We speak to Anders Ankarlid, CEO of A Good Company focused on creating everyday products with materials that have the least environmental impact.

TRANSCRIPTION:

Introduction

You have to give people space for them to be able to grow as well, I think that’s quite a standard phrase just that. But if you do that I also think you get people to grow a lot.

Dzifa Mensah- Hi there, Welcome to the eCommerce A-Z podcast, where we teach you how to start and grow a thriving eCommerce business.

Our guest for today’s episode is Anders Ankalid, the CEO of A Good Company. A Good company is a 100% remote startup focused on creating an elegant, thoughtful and sustainable everyday product with production materials that have the least environmental impact. Anders and his team always walk the extra mile to improve their products and processes and ensure that they are always responsible as they can humanly be. Now they believe that they can transform mindless consumption into conscious decisions. They sweat about every single detail about their product.
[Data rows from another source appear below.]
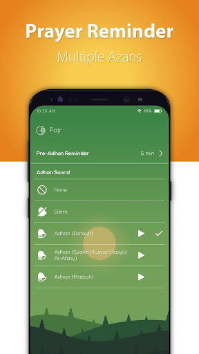 • Azan notification: Choose to auto play audio on time or off it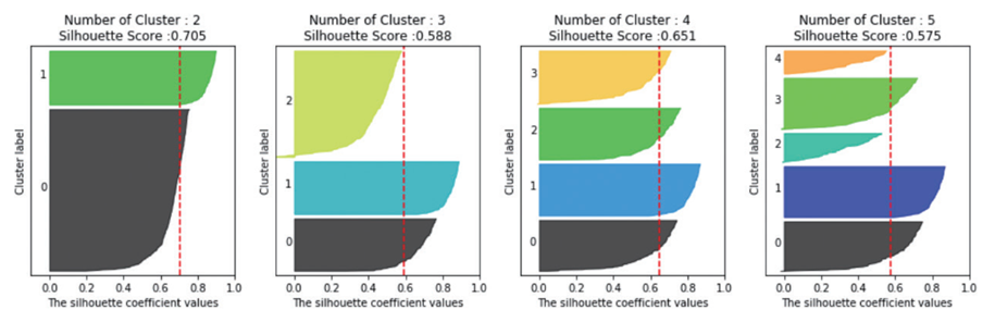 군집별 평균 실루엣 계수의 시각화를 수행하였다. 몇개의 군집이 적절할까?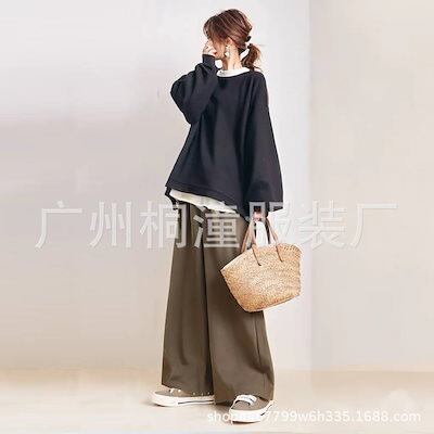 【日系人気商品!】【急速出荷】2025秋冬新品 大きめサイズ レディース セットアップ長袖トップス +ゆったり カジュア ルワイドパンツ 体型カバー 二点セット メガ割 2025福袋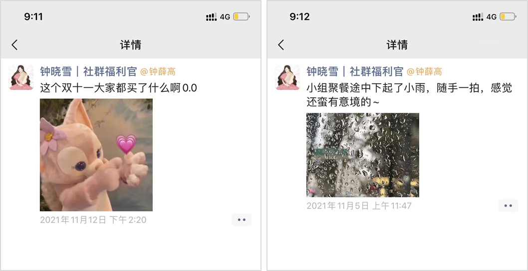除了發(fā)布活動信息之外,生活化的內(nèi)容是做朋友圈培育的必選項。群主通過朋友圈分享日常,拉近和用戶的距離,讓用戶感覺可以和群主(IP)像朋友一樣相處,而非冷冰冰的買賣關(guān)系。這類內(nèi)容可以是嘗試和用戶對話:這個雙十一,大家都買了什么?。灰部梢允呛陀脩舴窒泶蚬と粘?,讓用戶感覺這個賬號背后是一個有血有肉有溫度的人,如此一來,可以提升用戶對于群主(品牌)的信任度。③ 征集用戶反饋,給用戶“種草”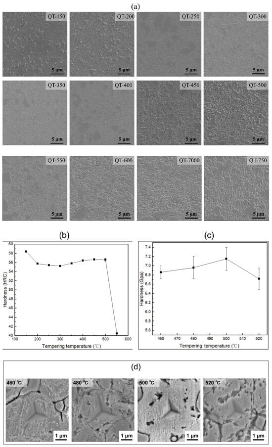 To investigate the relationship between the hardness of tempered samples and tempering temperature, we conducted a macro-hardness analysis on samples tempered at different temperatures, as illustrated in Figure 5b. The hardness of the samples exhibited an initial increase followed by a decrease with rising tempering temperatures. Additionally, to examine the secondary hardening characteristics of the matrix in tempered samples, we performed nanoindentation hardness analysis on specimens tempered at 460 °C, 480 °C, 500 °C, and 520 °C. By combining nanoindentation techniques with scanning electron microscopy (SEM), we assessed the hardness of the matrix for these specific tempering temperatures. As shown in Figure 5c,d the maximum nanoindentation hardness achieved during secondary hardening of the tempered samples was found to be 7.2 GPa. The maximum macrohardness is 57 HRC.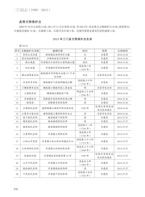 2013 年三门县文物保护点名录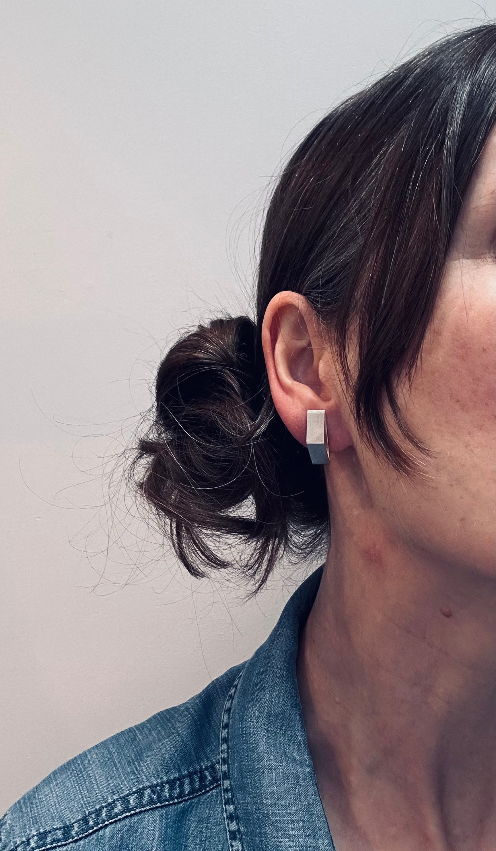 Showcasing a striking triangular geometric design that captures the essence of Scandinavian minimalism. Crafted in brushed sterling silver, the surface offers a soft, modern sheen that enhances their clean, elegant lines.

My name is Dzifa Mensah, and I am your host for the eCommerce A-Z podcast. Let’s delve right into the conversation.

Dzifa Mensah- Hi, how are you doing?

Anders Ankalid- I am well, thanks. It’s a bit upside down with everything due to the outbreak, all in all its good

Dzifa Mensah- Yeah, we are hopeful that things will get better across the globe.

Anders Ankalid- I totally agree, thanks so much for having me.

Dzifa Mensah- Alright, take us back to how you started A Good Company. Tell us about the idea.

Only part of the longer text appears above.